I've got a working title: New Cloth from Old. In it, I'm going to explore different ways to use scrap fabric, considering it an important design element rather than something to use up.

Over the years, primarily because of my work on Teach Yourself Visually Quilting, I've accumulated a lot of odd blocks or partially-done pieces. Like the three-strip piece in the center of this block.

These three pieces were part of a photo shoot in that book for a small quilt featured in the strip-piecing segment. The pattern in that book is called Rail Fence and it visually zigzags over the surface of the quilt in a regular way.

Now this leftover bit of fabric from a long-ago photo shoot is now the center of another block. This one is called Courthouse Steps, the most important variation of the Log Cabin pattern and one of my favorite blocks. It is so versatile.

There are 24 of these blocks to match the 24 blocks I made previously that used scrap as a frame around a solid green center. I put a picture of one of those at the bottom of this post.

Now here's the design challenge. I have 48 blocks all together. I need to keep three for the step-by-step panels that will become part of my workshop teaching kit. That leaves 45. I want to demonstrate different ways that the same blocks can be used in a quilt. I plan to use nine blocks (the Nine Patch being the most ubiquitous pattern in all of quilting) in each quilt.

Five ways to use scrap blocks in a quilt.

And away we go!

Saturday, December 11, 2010

An Accumulation of Details

From a certain perspective, you could almost believe that this picture was taken on a cruise among the glaciers in Alaska.

But it's actually a congregation of thousands upon thousands of minute ice crystals that formed upstream in the White River, floated down to our position on the water then joined with a bunch of neighbors to form what appears to be a sheet of solid ice.

But it's not, at least not today.

When we first moved here, we were ice novices. My hometown growing up had lots of ponds, lakes, marshes, and some mountain streams. But no rivers. So my experience of ice is the formation of sheets that get progressively thicker as winter progresses then thin out as March approaches.

You would think that water is water and ice formation would be the same but living here has convinced me that water is truly the most magical of all beings. And yes, life on a river will convince you that H2O is very much alive.

Ice forms in two ways here. There's the coagulation along the shore or around objects—stones, trees—in the stream. But most of it starts as the ice crystals I described above. And this doesn't happen just because it's cold. It happens more on cloudy days than sunny. It can be too cold to form ice. As the days go by, these "slushies," as we call them, get caught in currents and spin into free floating discs that grow until they fill up whatever nook or cranny they find themselves in. Then they stop spinning and settle into bumpy ice that increases with the passing of winter.

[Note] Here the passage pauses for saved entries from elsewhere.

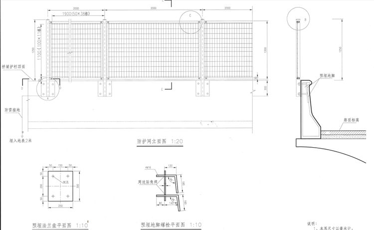 4、施工中,必须确保预埋地脚与护拦主筋的连接。设计中,预埋地脚故意超长并且设弯钩,主要目的在于方便施工中预埋地脚与护栏主筋的连接。
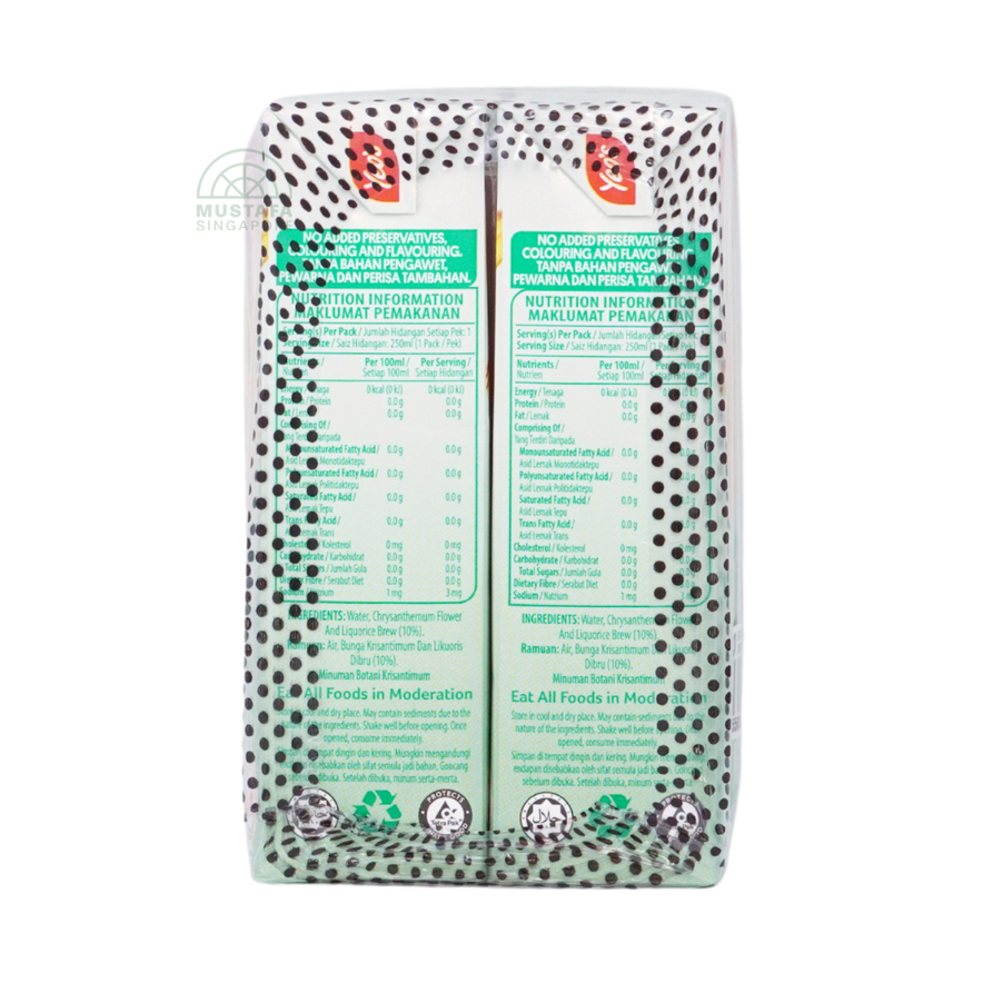 Experience the delicate floral essence of Yeo's Chrysanthemum Tea No Sugar, a traditional Asian beverage that offers a soothing and refreshing experience without added sweetness. Crafted from chrysanthemum flowers and liquorice extract, this tea provides a naturally sweet taste, making it a perfect choice for those seeking a light and aromatic refreshment. Ideal for pairing with local dishes or enjoying on its own, Yeo's Chrysanthemum Tea brings a touch of tradition to your daily routine.
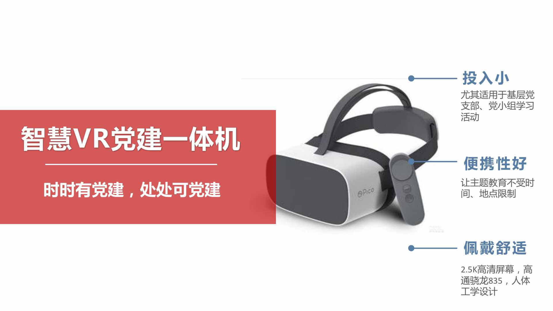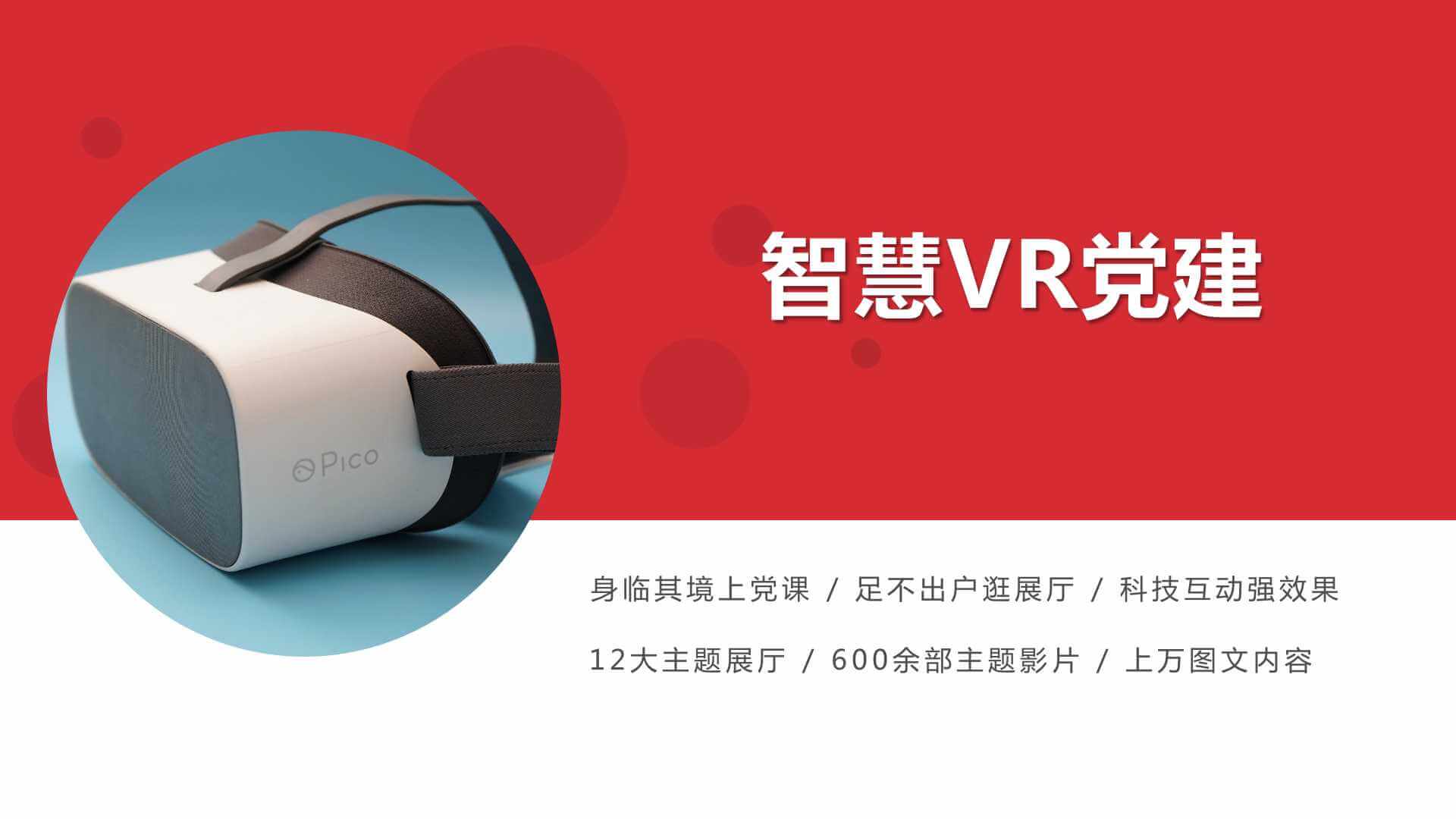 VR(虚拟现实技术)设备的出现,为党建学习教育提供了一个全新的视野和途径 ——学习者通过佩戴VR设备或观看大屏,能真实体验置身于历史事件中的写实感,加深学习记忆,提升宣教成果。

This stuff, if there's enough of it, hisses as it floats downstream. This is particularly noticeable at the end of winter when the ice breaks up into massive chunks for ice out. As you walk by, the chunks clunk and thump against one another while the slush hisses among them.

And it all begins with tiny ice crystals, just like all change. We often fall into the lazy habit of believing that change has to be massive to be effective. But change is the slow accumulation of one detail laid on another.

Think about that. If you want to change something about yourself or your way of living, the way to begin might be to alter one small part of your morning routine or the route you take to work. If you want change, you need to invite it in.

In order to do something you've never done before, you must open yourself to the new.

Friday, December 10, 2010

Blessed Are the Fixers...

... for they shall teach the rest of us what's important.

I own a 2004 red Toyota Corolla. I love my car and even indulged myself in a vanity license plate for it. (ISTARI which means wizards in Elvish in the Tolkien trilogy.)

When Jay and I were researching cars, we both had a favorite in mind. His was a PT Cruiser (cute). Mine was a Volkswagen beetle (cuter).

I wanted a bug so bad. We test drove one and it handled like a dream. But we hesitated because cars are a big purchase and we wanted to get ti right.

Now my brother-in-law Terry is an ace mechanic. (That's Terry and I in a picture my sister took of us on South Cape Beach in early September.)

We often joke in this house that all Terry has to do is let his hands hover over a car's engine and it is healed. (I'm sure he wishes it was that easy.)

My sister Heidi runs the office of their business, Mr. T's Auto Repair, down on Cape Cod in Mashpee, Massachusetts. While Heidi doesn't do major repairs (she has been known to do oil changes), she's sure savvy about cars, what works, what doesn't, the price of parts, common problems, etc.

I respect both of their opinions in everything automotive enormously. When I asked what they recommended for cars, the first word out of their mouths was "Toyota." The second word was "Honda."

Why? Terry and Heidi have an up-close and personal view of how the cars and trucks we drive are engineered, how they are made, not just how they look which is, of course, what we all get sold.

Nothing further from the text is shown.